Epidermal growth factor receptor (EGFR) is a transmembrane receptor protein in humans. The discovery of activating mutations in EGFR detected in 10% to 30% of patients with non–small cell lung cancer (NSCLC). In addition, it has revolutionized the treatment of this disease. Until recently, EGFR tyrosine kinase inhibitors (TKI), including erlotinib, gefitinib, afatinib, have been the standard-of-care initial therapy for lung cancer. As such, strategies to treat or prevent osimertinib resistance and/or approaches to more effectively inhibit EGFR may lead to improved clinical therapies. Besides, the clinical efficacy of EGFR TKI in EGFR-mutant lung cancer is limited by acquired drug resistance. Thus it highlights the need for alternative strategies to inhibit EGFR. Moreover, we need an inhibitor could augment the efficacy of existing ATP-competitive EGFR inhibitors. JBJ-04-125-02 is a potent, mutant-selective, allosteric and orally active EGFR inhibitor.

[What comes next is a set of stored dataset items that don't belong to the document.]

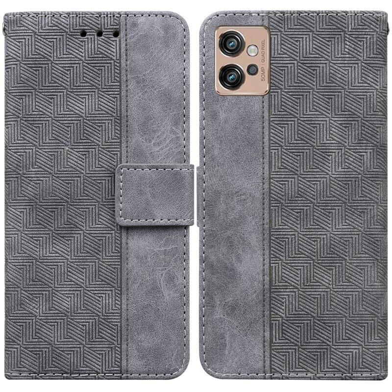 Για Motorola Moto G32 Γεωμετρικό ανάγλυφο Flip δερμάτινη θήκη τηλεφώνου (γκρι)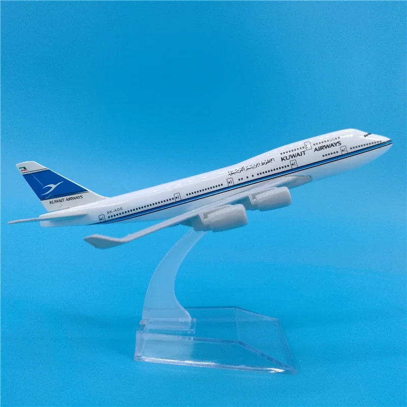 Bring home a stunning 16 cm diecast model of a B747 Kuwait Airways aircraft, scaled at 1:400 for an authentic display. Crafted from high-quality metal, this collectible showcases a sleek white fuselage accented with bold black lettering, detailed Arabic script, and a vibrant blue tail fin with a white stylized bird logo. The streamlined wings feature slightly upward-curved wingtips, with etched or painted windows and doors adding intricate realism. Mounted on a clear display stand, this non-functional model offers a sophisticated, realistic look perfect for aviation enthusiasts and collectors aged 14 and above, highlighting precise craftsmanship and elegant design.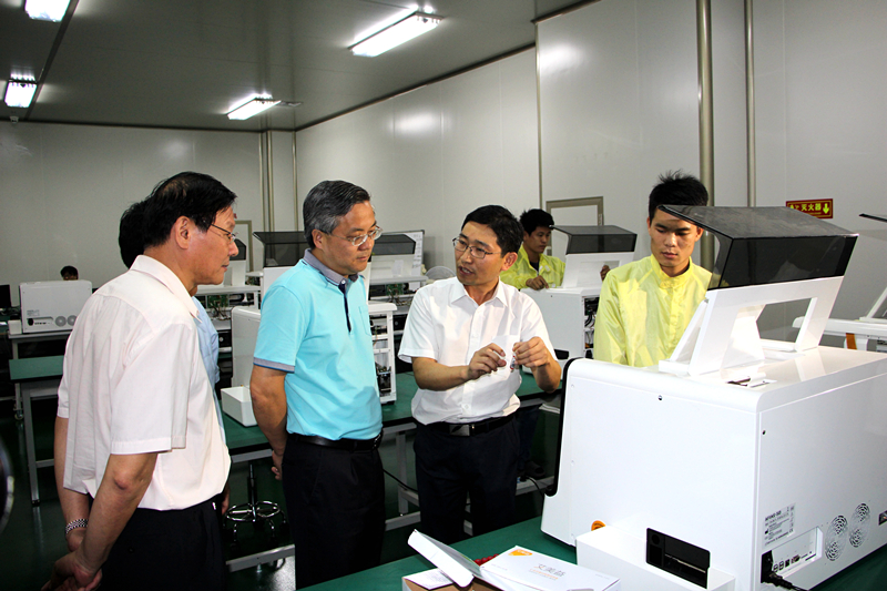 周紅波市長(中)視察位于綠港國際中心B4棟的廣西華銀醫(yī)學(xué)檢驗(yàn)所,與企業(yè)負(fù)責(zé)人親切交談

JBJ-04-125-02 is a potent, mutant-selective, allosteric and orally active EGFR inhibitor with an IC50 of 0.26 nM for EGFRL858R/T790M. Specifically, JBJ-04-125-02 can inhibit cancer cell proliferation and EGFRL858R/T790M/C797S signaling. Meanwhile, JBJ-04-125-02 has anti-tumor activities. Nonetheless, the combination of osimertinib and JBJ-04-125-02 results in an increase in apoptosis, a more effective inhibition of cellular growth. It has an increased efficacy in vitro and in vivo compared with either single agent alone. Furthermore, JBJ-04-125-02 is effective as a single agent in both in vitro and in vivo models of EGFR-mutant (including C797S) lung cancer. All in all, JBJ-04-125-02 is a potent, mutant-selective, allosteric and orally active EGFR inhibitor with anti-tumor activities.
References:
To C, et al. Cancer Discov. 2019 Jul;9(7):926-943.